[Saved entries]

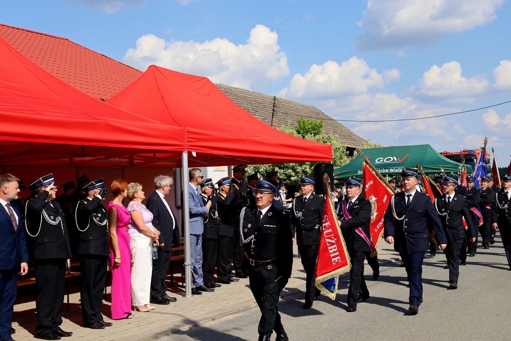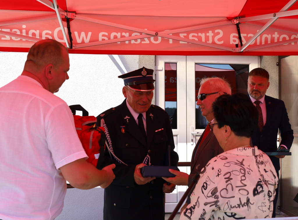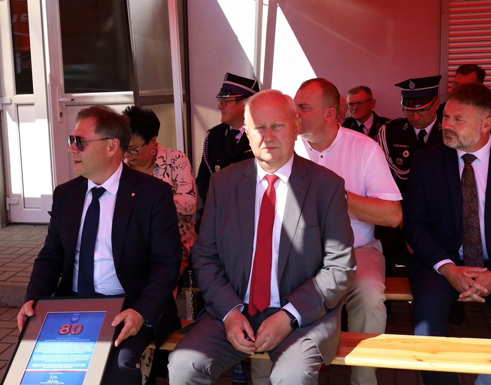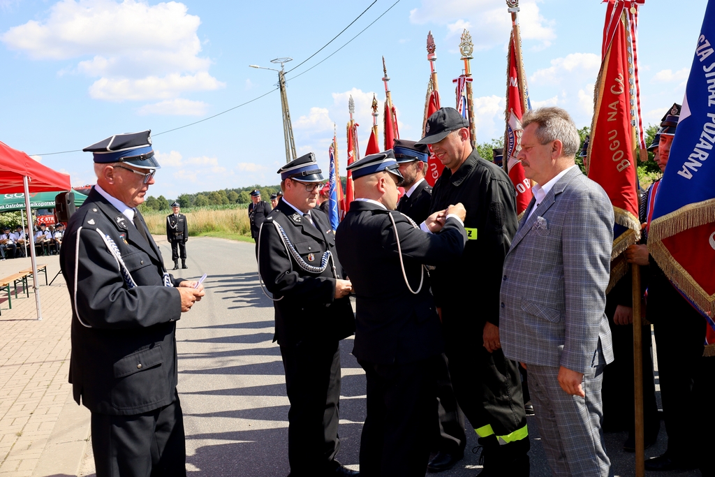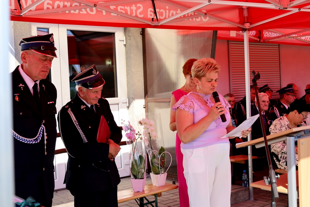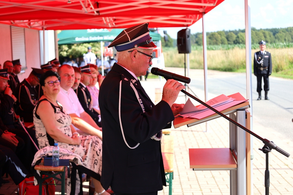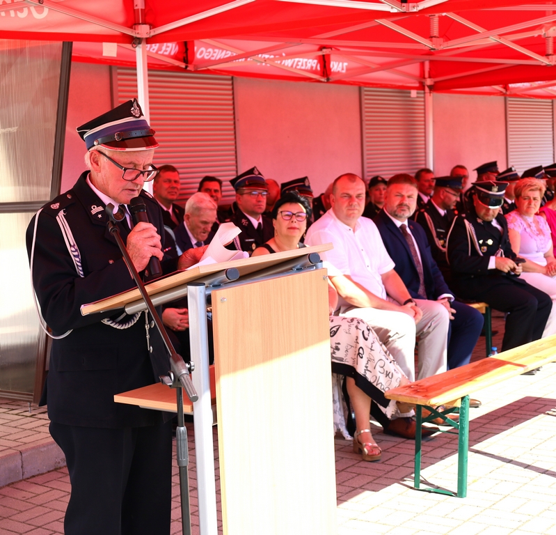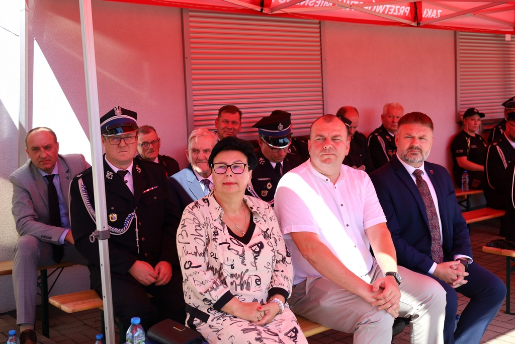 Podczas uroczystości jubileuszowych nie zabrakło słów uznania i podziękowań ze strony zaproszonych gości. Z tej okazji zastępca wójta gminy Ostrów Wielkopolski Paweł Małuszek oraz przewodniczący Rady Gminy Michał Szymoniak przekazali w imieniu gminy voucher o wartości 6000 zł na zakup niezbędnego sprzętu strażackiego.
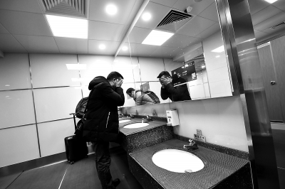 昨天,北京南站已经投入使用的“升级版”卫生间整洁干净,新的洗手台玻璃镜上还有电子屏幕,为顾客显示天气温度等信息。本报记者 和冠欣摄
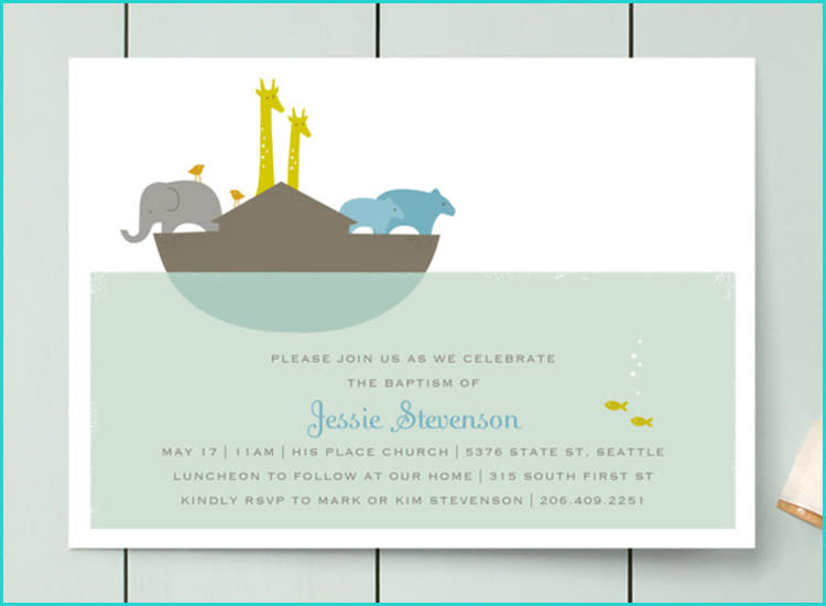 Cartoon critters, based off the story of Noah’s Ark, give these baptism invitations a playful touch.
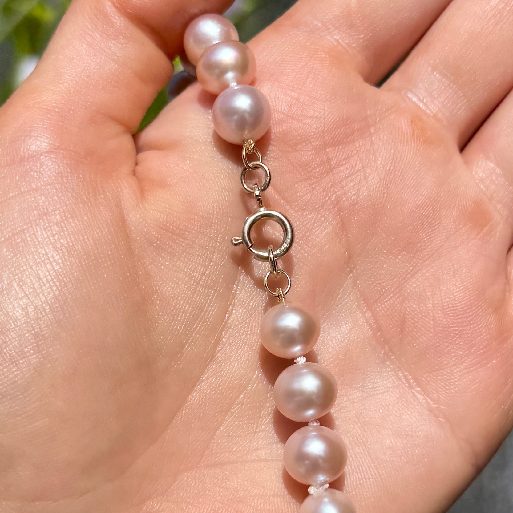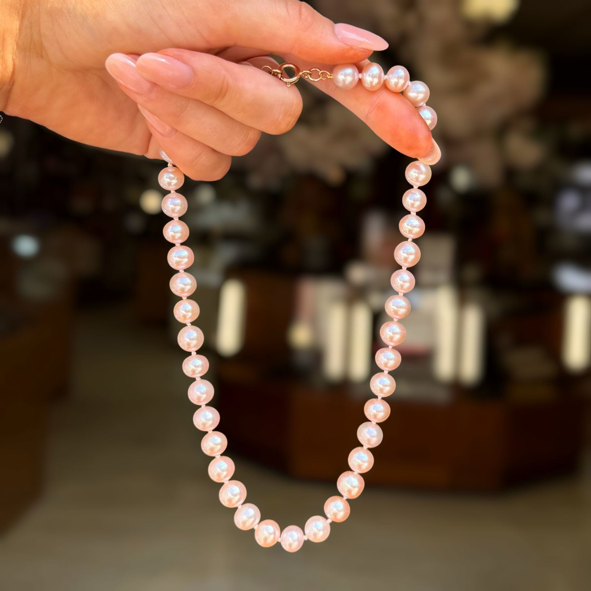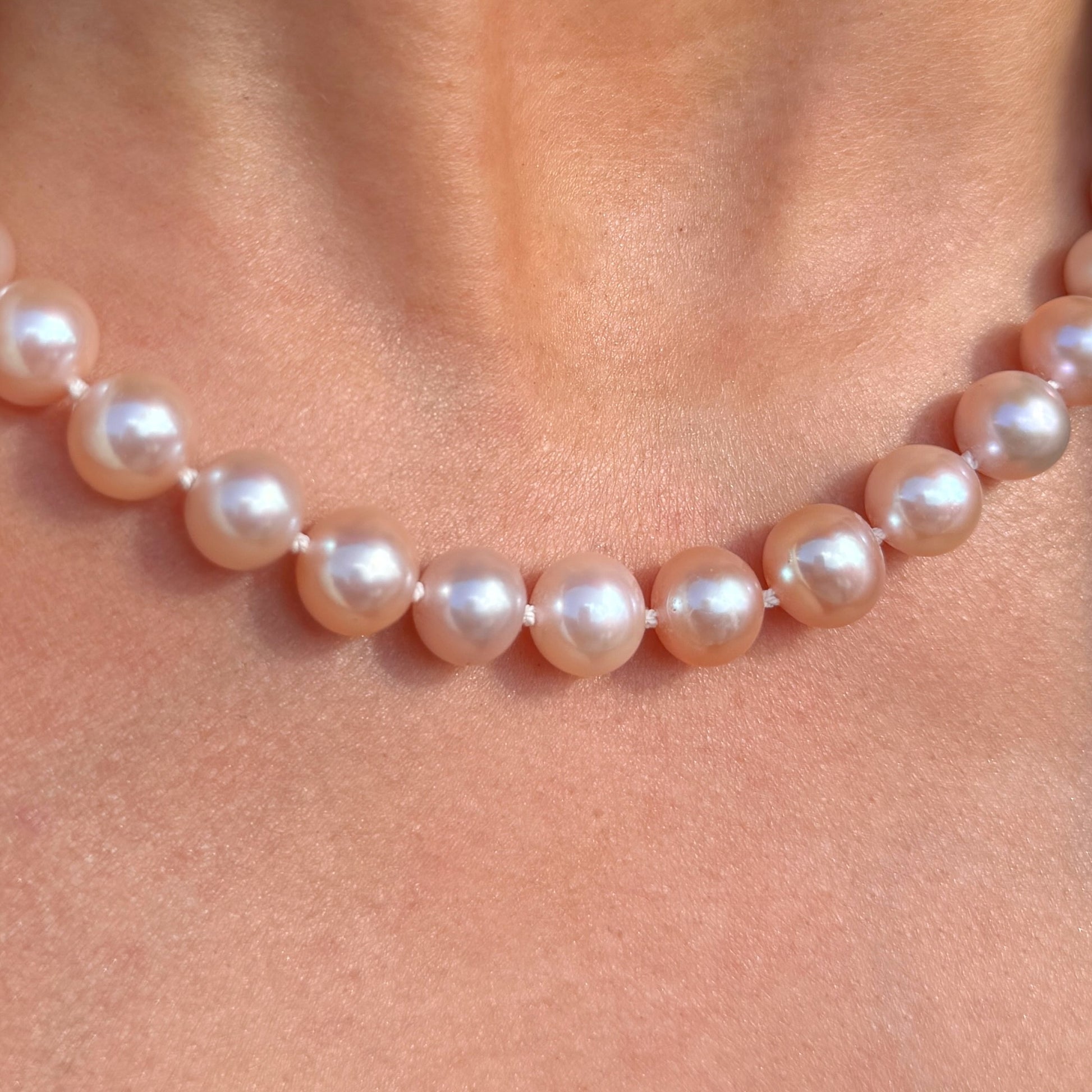 This classic necklace was handmade by our expert artisan stringers here on-site at Eloise. It features soft salmon pink real freshwater pearls, with a 9ct yellow gold bolt ring catch.
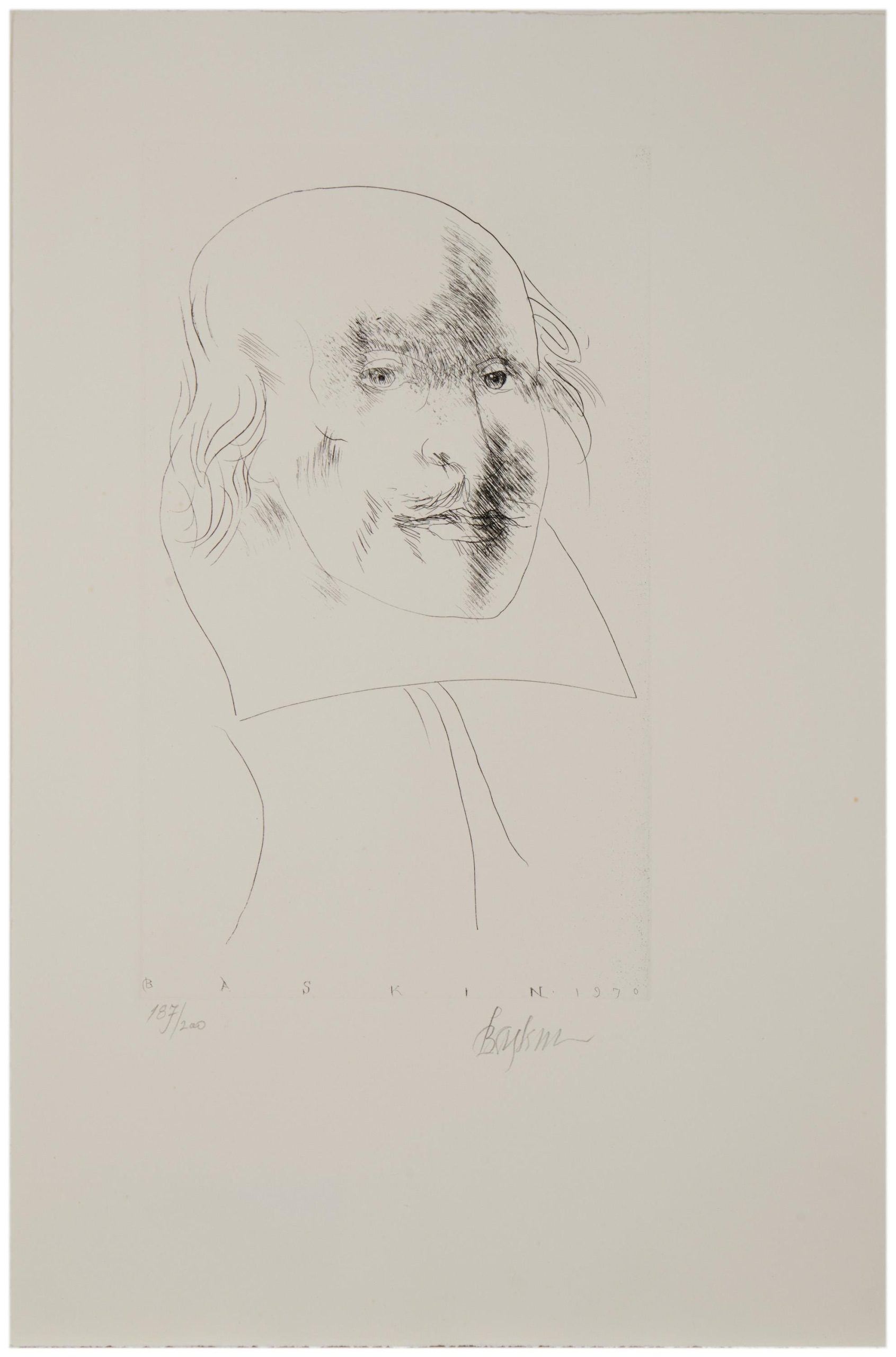 This etching of William Shakespeare is from Leonard Baskin’s Titus Andronicus. Titus Andronicus was the first volume of The Gehenna Shakespeare, which Baskin intended to be the first of what would be the complete works of Shakespeare. But years later, Baskin wrote of it as an “idiotic idea,” because the cost to print it, with handmade paper and metal type, made the project an “expensive fiasco”. Titus Andronicus and Othello were the only two volumes completed.
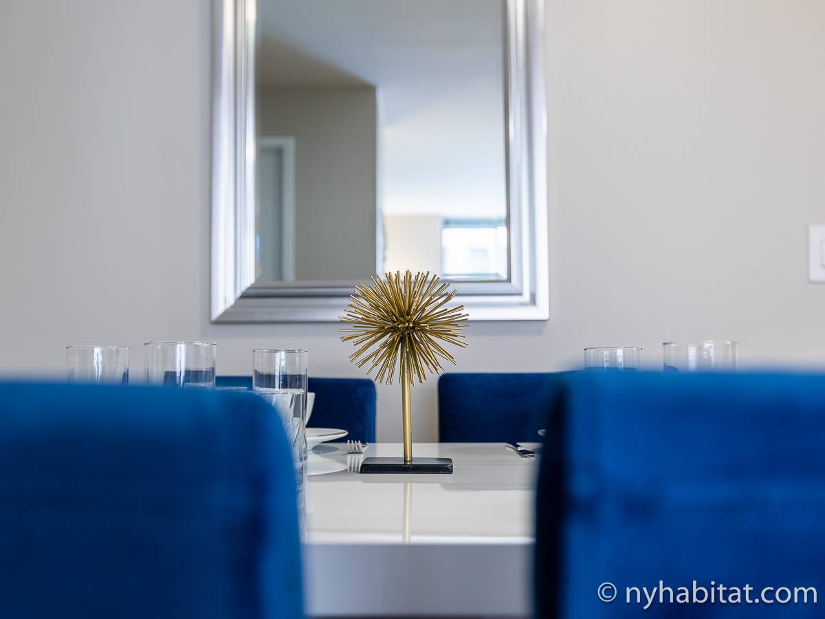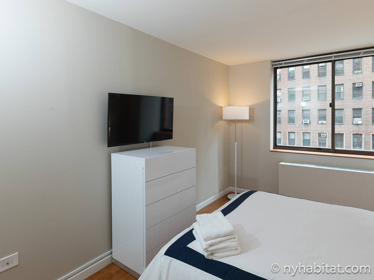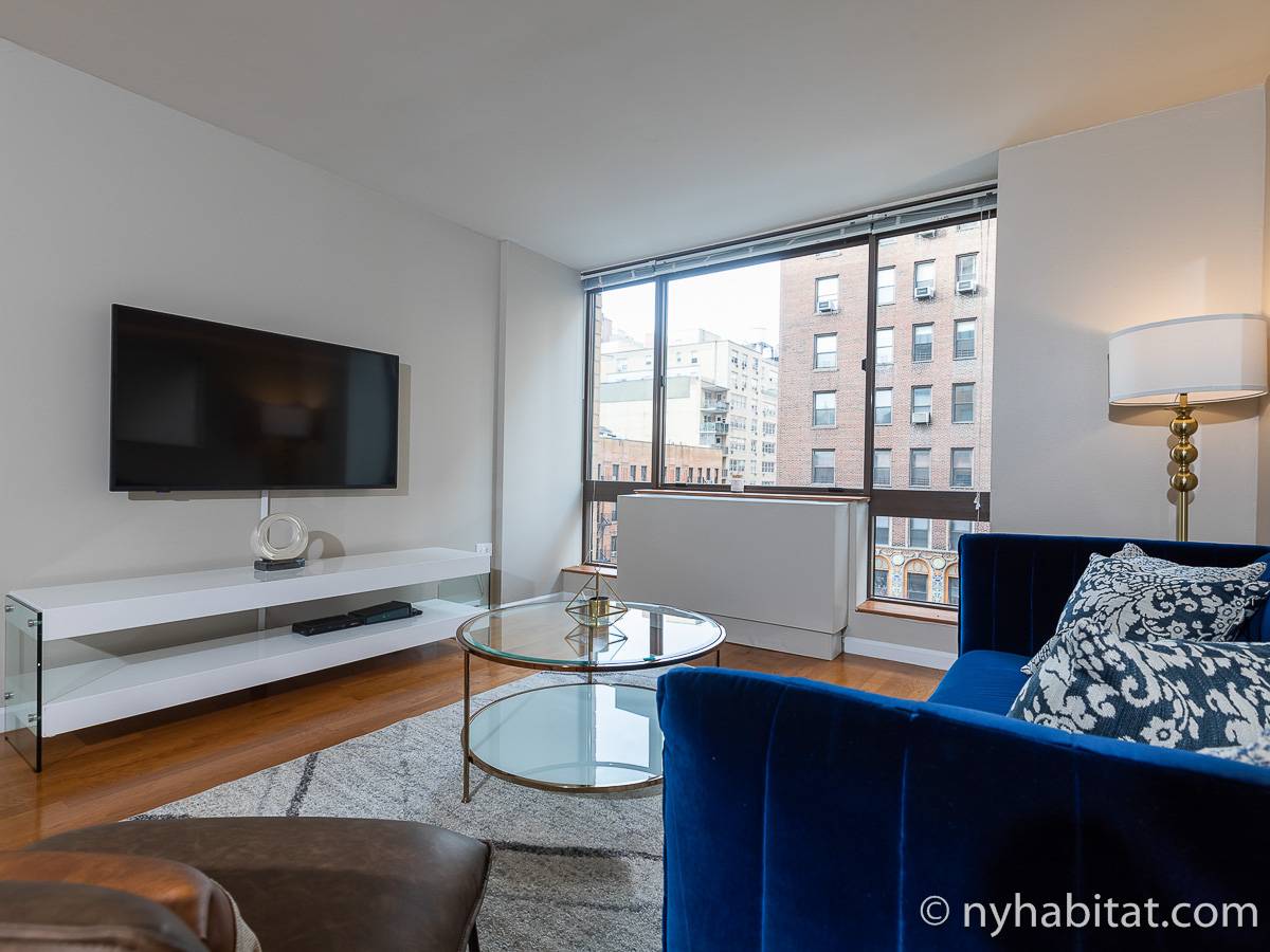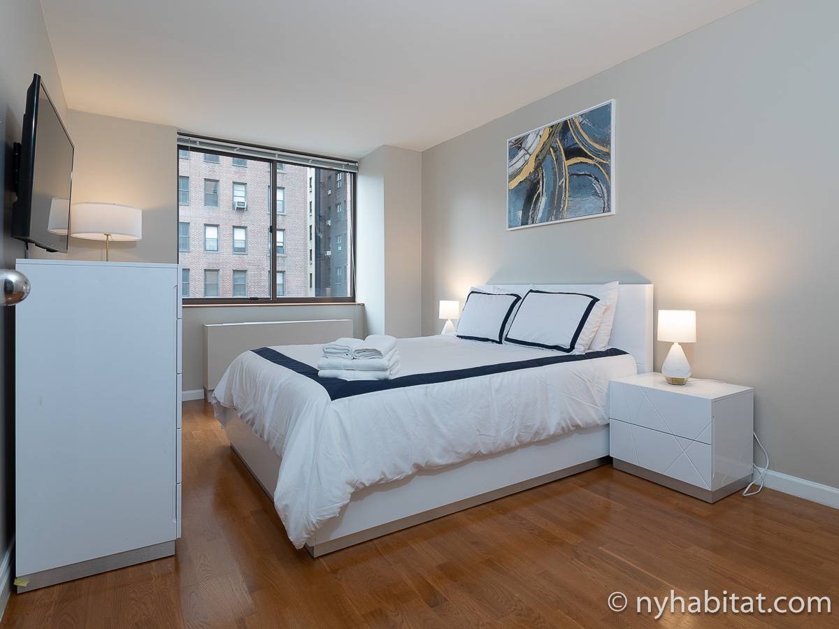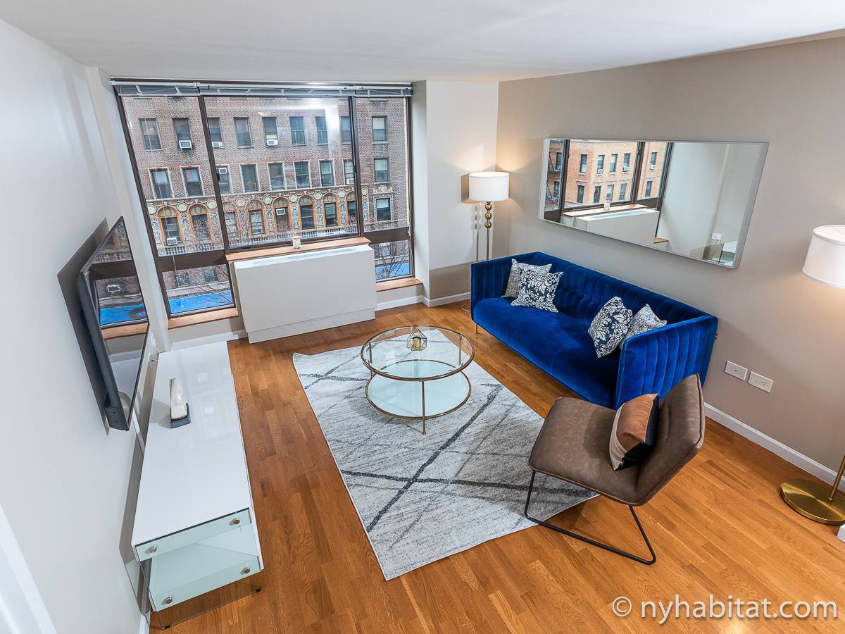 Die möblierte New Yorker Mietwohnung ist modern eingerichtet und bietet einen Hartholzboden. Die Fenster im Wohnzimmer bieten einen Blick auf die Stadt. Das Wohnzimmer ist mit einem Sofa, gepolsterten Stuhl, Couchtisch sowie wandmontierten Flachbildfernseher mit Kabelanschluss ausgestattet. Ein Esstisch mit sechs Stühlen befindet sich neben der offenen Küche. Die Küche ist mit Schränken samt Granitarbeitsflächen und Elektrogeräten aus Edelstahl einschließlich einem Herd, Toaster, Kühlschrank, Geschirrspüler und einer Mikrowelle ausgestattet. Beide Schlafzimmer verfügen über Queensize-Betten, Nachttische mit Lampen und Kommoden. Das Schlafzimmer 2 bietet zusätzlich einen Fernseher. In den beiden Badezimmern der 3-Zimmer-Wohnung sind jeweils eine Duschbadewanne, ein Spiegel und Waschtisch vorhanden. Möglichkeiten zum Waschen von Kleidung befinden sich im Gebäude.

[Activity] What is needed is an exact repeat of the lines from the one containing "This classic necklace" through the last line of the records above, both included, with pictures left out.

[Result of this exercise]
 This classic necklace was handmade by our expert artisan stringers here on-site at Eloise. It features soft salmon pink real freshwater pearls, with a 9ct yellow gold bolt ring catch.
 This etching of William Shakespeare is from Leonard Baskin’s Titus Andronicus. Titus Andronicus was the first volume of The Gehenna Shakespeare, which Baskin intended to be the first of what would be the complete works of Shakespeare. But years later, Baskin wrote of it as an “idiotic idea,” because the cost to print it, with handmade paper and metal type, made the project an “expensive fiasco”. Titus Andronicus and Othello were the only two volumes completed.
 Die möblierte New Yorker Mietwohnung ist modern eingerichtet und bietet einen Hartholzboden. Die Fenster im Wohnzimmer bieten einen Blick auf die Stadt. Das Wohnzimmer ist mit einem Sofa, gepolsterten Stuhl, Couchtisch sowie wandmontierten Flachbildfernseher mit Kabelanschluss ausgestattet. Ein Esstisch mit sechs Stühlen befindet sich neben der offenen Küche. Die Küche ist mit Schränken samt Granitarbeitsflächen und Elektrogeräten aus Edelstahl einschließlich einem Herd, Toaster, Kühlschrank, Geschirrspüler und einer Mikrowelle ausgestattet. Beide Schlafzimmer verfügen über Queensize-Betten, Nachttische mit Lampen und Kommoden. Das Schlafzimmer 2 bietet zusätzlich einen Fernseher. In den beiden Badezimmern der 3-Zimmer-Wohnung sind jeweils eine Duschbadewanne, ein Spiegel und Waschtisch vorhanden. Möglichkeiten zum Waschen von Kleidung befinden sich im Gebäude.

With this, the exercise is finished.